Considering all the results obtained from all test series, it can be concluded that the current standards for testing the safety of a cell in a battery system are not sufficient. As mentioned in Section 2., in battery systems with a high system voltage of series-connected cylindrical cells, a voltage drop can occur at an open CID, which can lead to the formation of a critical arc (refer to Figure 8). Consequently, the cell burns or can explode. Therefore, the cell tests with twice the nominal voltage are not significant in terms of the safety behavior of a cell if the cell is connected in series in a battery system, and so the current standards must be revised.

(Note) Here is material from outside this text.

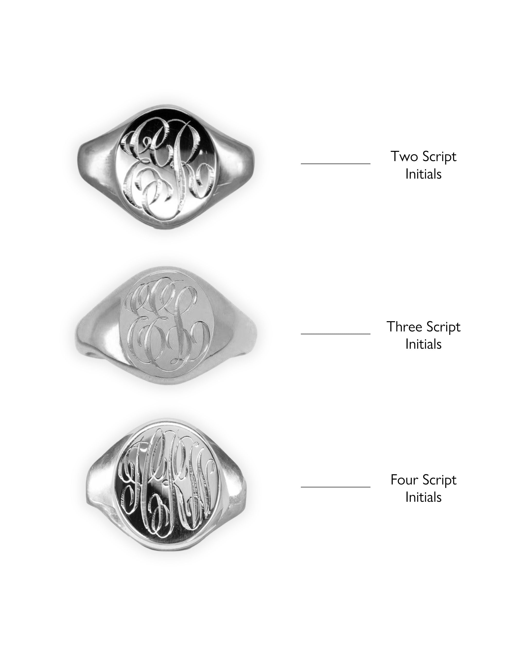• Design classique : la chevalière avec initiales gravées à la main présente un design traditionnel sophistiqué, avec un choix de deux à quatre initiales, adapté aux occasions formelles et décontractées.

It is recommended that the tests on the cell level should be performed at least up to the maximum voltage level of the battery system where the cells are planned to be installed and operated.

Additionally, it was found that the hazard potential increases while overcharging the cells with very high voltages. Therefore, the application of cells with CID should be reconsidered in a battery system, where such cells are interconnected in series in large quantities. The reason for such consideration is because a tripping CID might cause a catastrophic failure of the cell. The alternate solution for this problem is to design the cells with CID in a way that the CID can withstand such high voltages.

From a future research point of view, the arc issues can be considered and investigated to understand whether the charging current continues to flow via an arc or through the electrolyte. This investigation will provide better insight into the internal safety mechanisms of the cells and will provide information on what exactly causes the charging current not to be disconnected after the CID has been triggered.